Look up a company named Immersion though, they've got the rumble patents.

The problem with trying to make a piece of hardware that would respond to "any rumble code" is that the "rumble code" is going through a driver, and the driver is likely (on linux, not sure about windows, but it's probably similar) going to be a bit picky about what hardware it talks to. So, in order for your hardware to even receive the "rumble codes" for an xbox 360 controller, say, it would have to pretend to *be* an xbox 360 controller. But in order for it to receive rumble codes for a logitech dual action rumble, it would have to pretend to *be* a logitech. It cannot pretend to be both... so I think you can't do what you want to do.

BTW, the interface to the xbox 360 rumble effect (as implemented by the linux driver anyhow) is that you can set up several "effects" that have properties like, magnitude, waveform, frequency, duration, etc (I forget
what they all are, but along those lines) and then when you trigger them, you don't specify all that, you just specify the number, like "tell the controller to play effect 1" where effect 1 was previously set up to be some particular kind of rumble. I imagine the windows interface is similar, as I suspect this scheme goes beyond the driver and is mirrored in the hardware. No idea if the logitech or others work similarly, but sure they don't work identically.

To sum up, I don't think you can build something that does what you want, unfortunately.




Quote:Original post by smcameron
To sum up, I don't think you can build something that does what you want, unfortunately.


Of course you can! You just need to make sure you write the HID driver for your hardware.

To be honest, though, if you don't know about writing drivers already, you've got a long road ahead of you before you can actually make a controller [smile]
Quote:Original post by Codeka
Quote:Original post by smcameron
To sum up, I don't think you can build something that does what you want, unfortunately.


Of course you can! You just need to make sure you write the HID driver for your hardware.

To be honest, though, if you don't know about writing drivers already, you've got a long road ahead of you before you can actually make a controller [smile]


Well, my presumption was that he wanted to make a piece of hardware that he could just plug in, and it would somehow use existing drivers. Perhaps my presumption was wrong (or, even stupid :) ). Also, a windows drivers is hardly "universal," though, granted, it might be "universal" enough for the OP's purposes.
Quote:Original post by smcameron
Well, my presumption was that he wanted to make a piece of hardware that he could just plug in, and it would somehow use existing drivers. Perhaps my presumption was wrong (or, even stupid :) ). Also, a windows drivers is hardly "universal," though, granted, it might be "universal" enough for the OP's purposes.


He did say "I'd need to write that into its driver somehow, right?" so I'm guessing that's where he was going with it.

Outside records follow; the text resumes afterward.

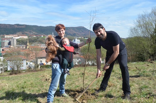 Iaz jaiotako errenteriarrek gaurtik aurrera zuhaitza izango dute Belaunaldien Basoan. Eguraldia lagun iaz haurra eduki zuten hainbat familia animatu dira Arramendira joan eta zuhaitza landatzera.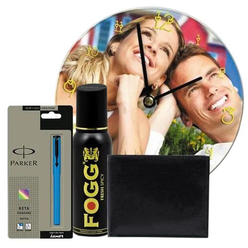 This gift set has: � A Personalized Photo Glass Round Wall Clock � Black Colour Leather Wallet � Parker Beta Pen � Fogg Deo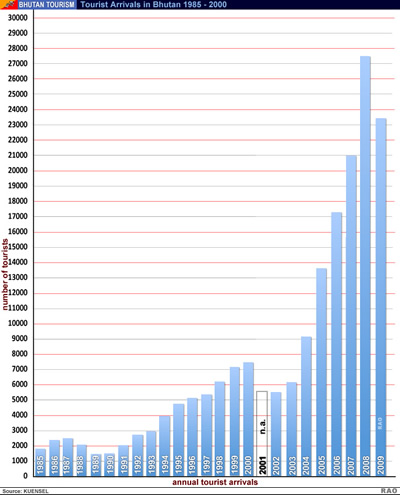 Overall arrivals in Bhutan the first nine months of 2009 were down four percent. No recent figures are available for Pakistan and Bangladesh, but arrivals in Iran appear to have been holding up well, though the monthly figures are erratic. Arrivals in India (which account for half of the total in South Asia) have been affected by a succession of terrorist attacks and by fears about the spread of the flu epidemic in the country. After falling sharply in Q1, they stabilised in Q2 and then declined again in Q3. Available figures for October and November look slightly better, but the trade reports continued weakness in hotel occupancy rates and other ground prices. However, domestic tourism, on which the Ministry of Tourism has been concentrating its promotional efforts, and tourism in the southern states are said to be doing relatively well.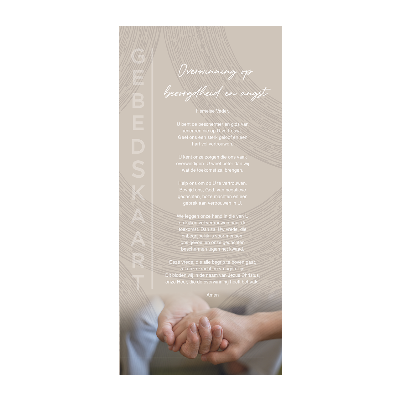 Deze sfeervolle gebedskaart is perfect voor momenten van onzekerheid en zorgen over de toekomst. Ideaal om samen met iemand te bidden of als betekenisvol geschenk om hoop en troost te bieden.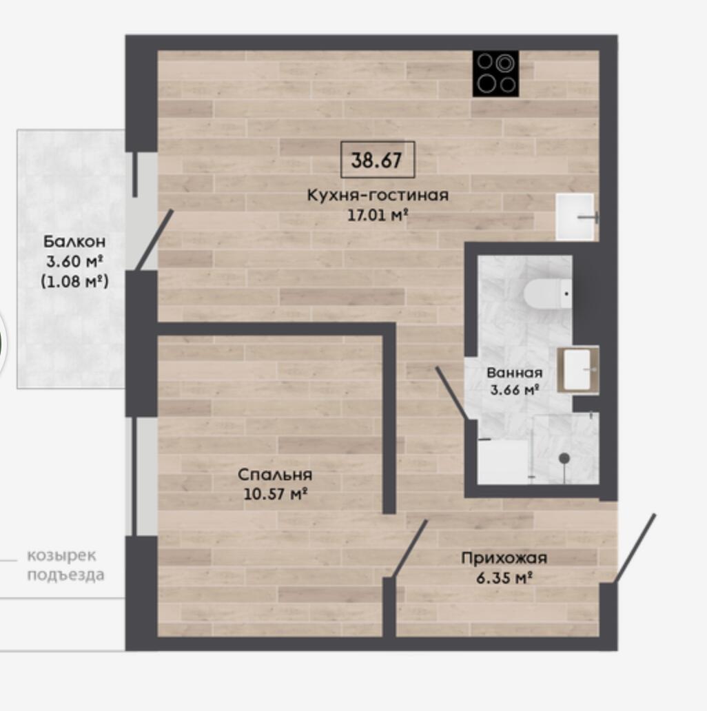 Общая площадь 39 м²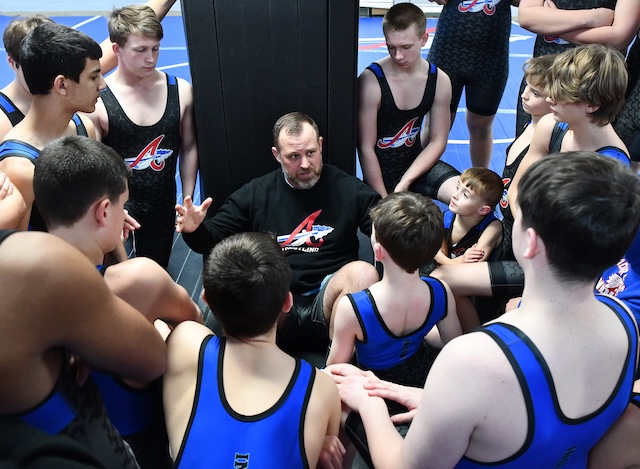 2026-01-16 - Columbia, KY - Photo courtesy Lindsey Wilson University. Lindsey Wilson University Assistant Dean of Students Abe Cross speaks to members of Adair County Public Schools' wrestling program during a recent practice at Adair County Middle School.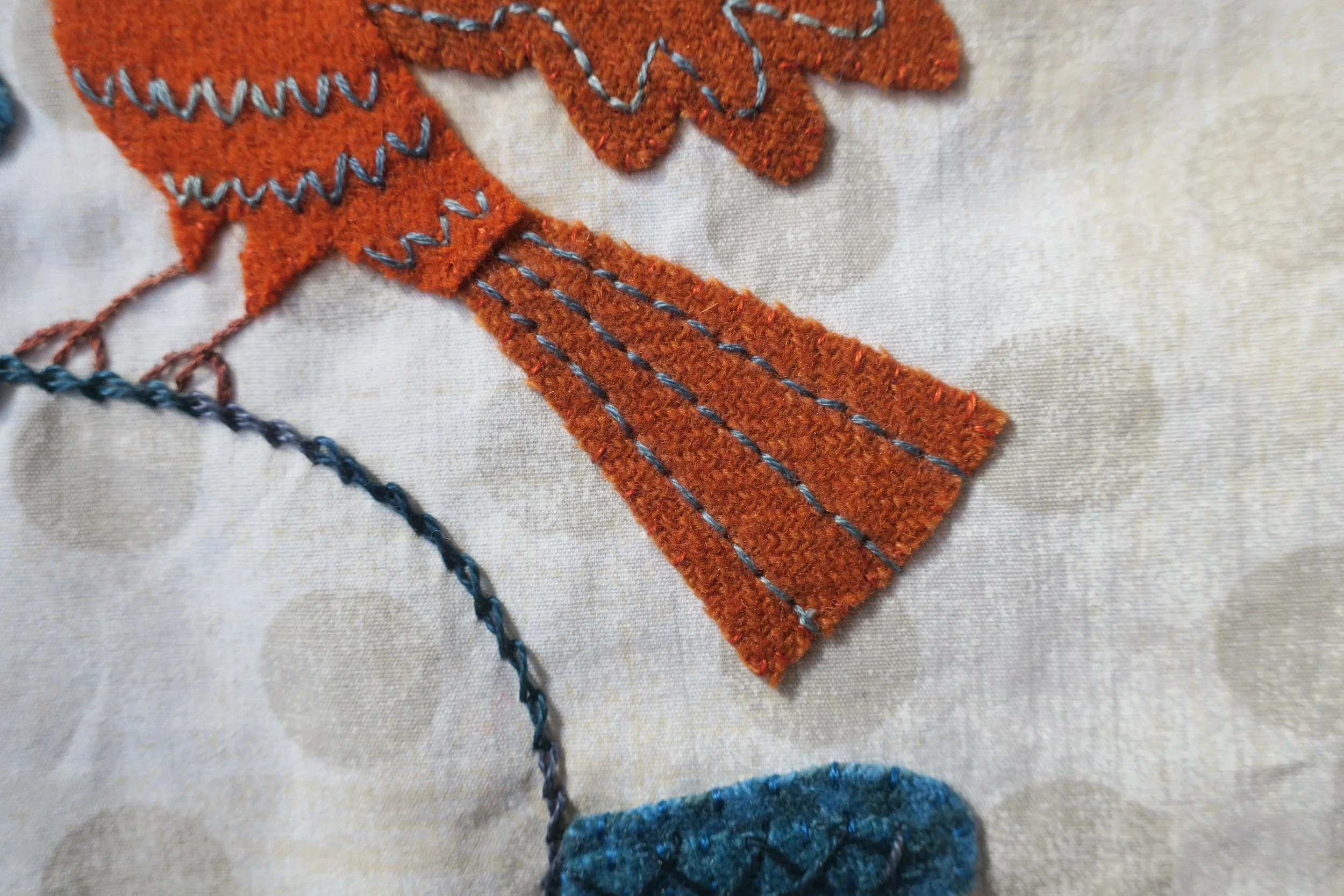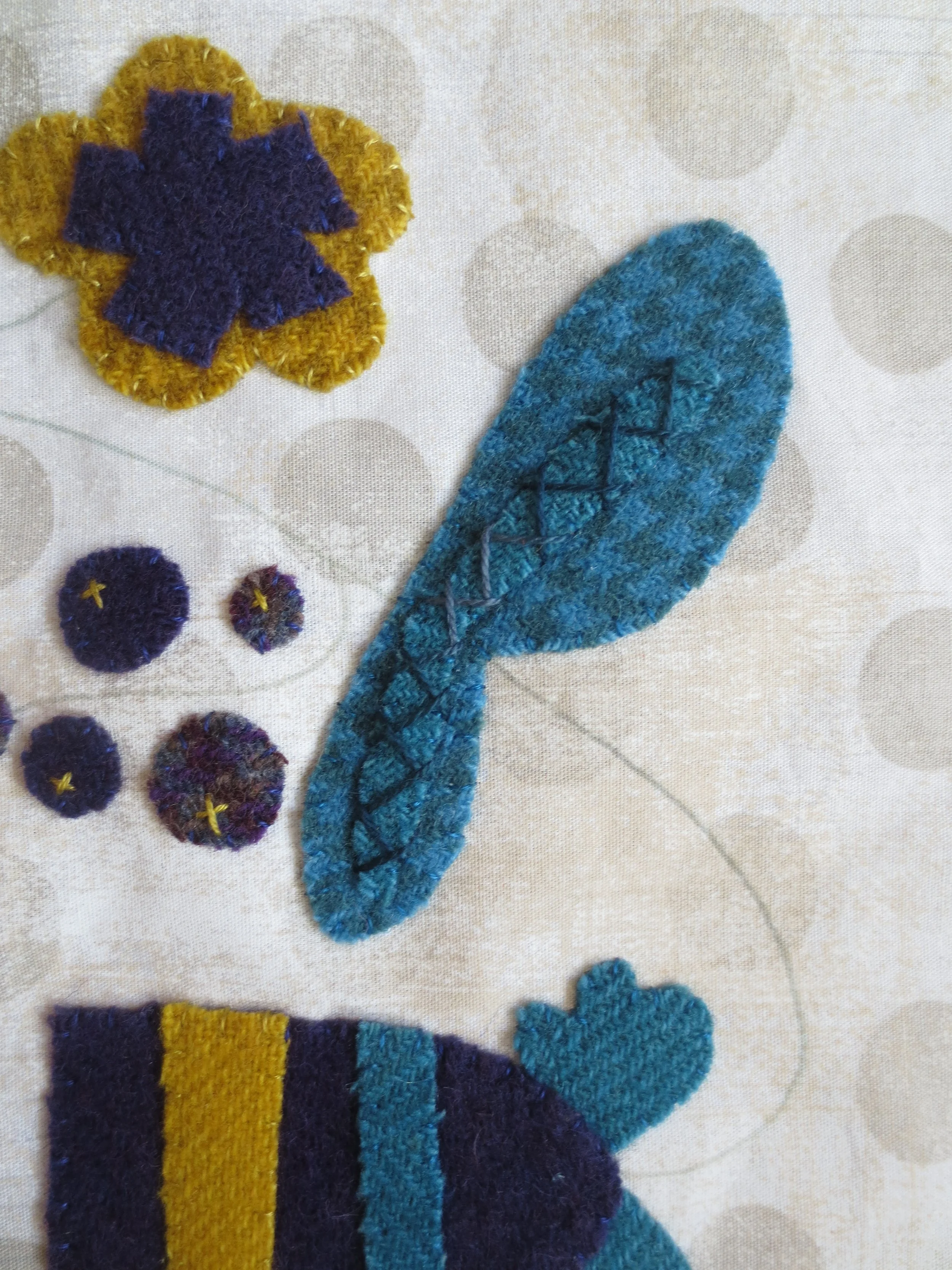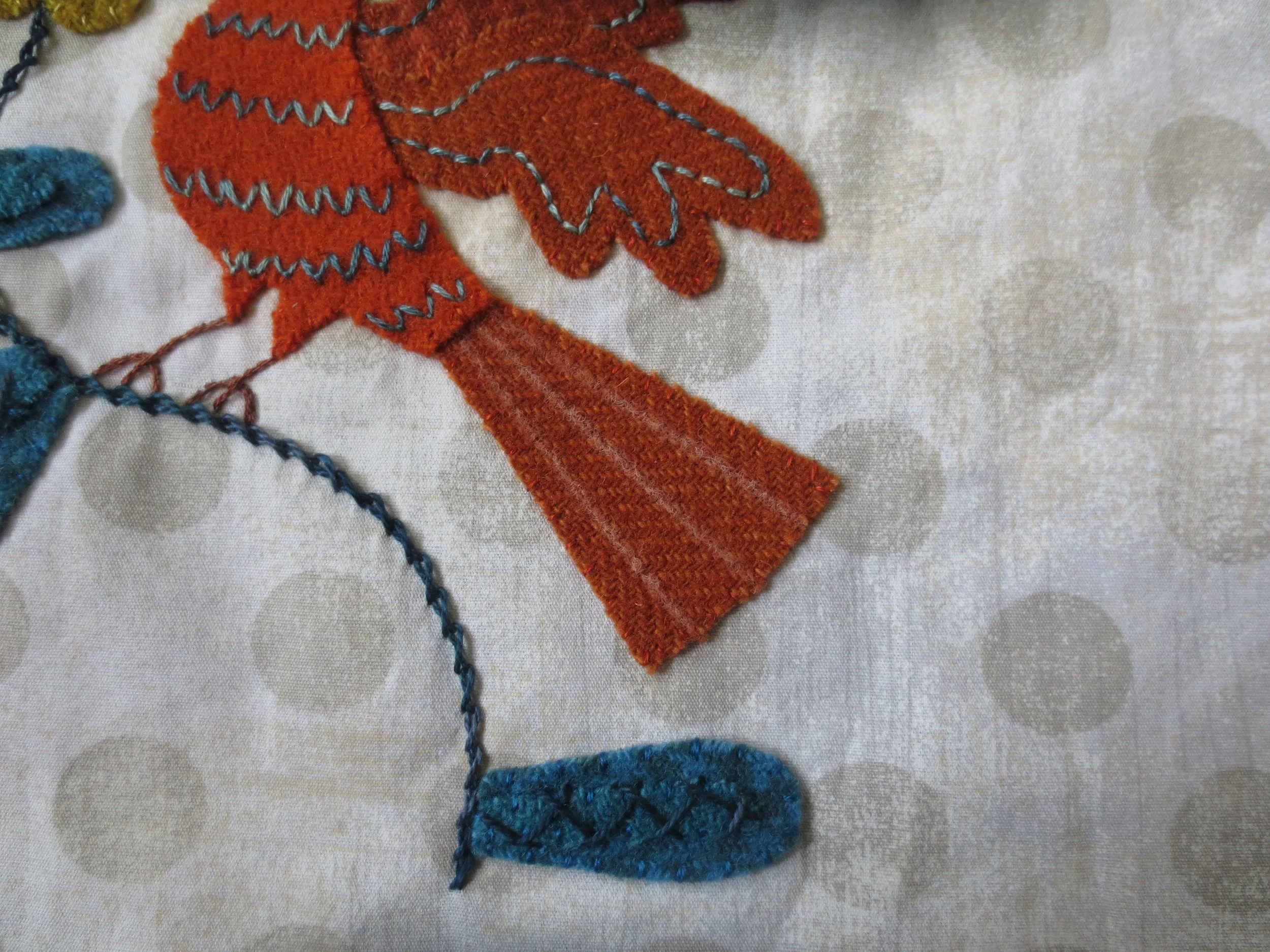 Embroidery floss in colors that match your wool colors - whip stitching of all wool

Anyway, yeah, we both agree that you'd have to write a driver (whether for Windows or Linux or whatever you want the hardware to work with)
Yeah, I basically wanted to write my own driver. Do I need to know assembler for that? Or is there a language specific to drivers? C/C++ is what I know...

From what I can tell, there's really 2 types of controllers: DirectInput controllers (like logitechs and all the other ones) & XBox controllers. XBox controllers use XInput. If my controller can act as a DirectInput controller, then all DirectInput code should work for that one, right? XInput code wouldn't work, but that's OK.

Thanks for the responses, Does anyone know of any good books on writing drivers for game controllers?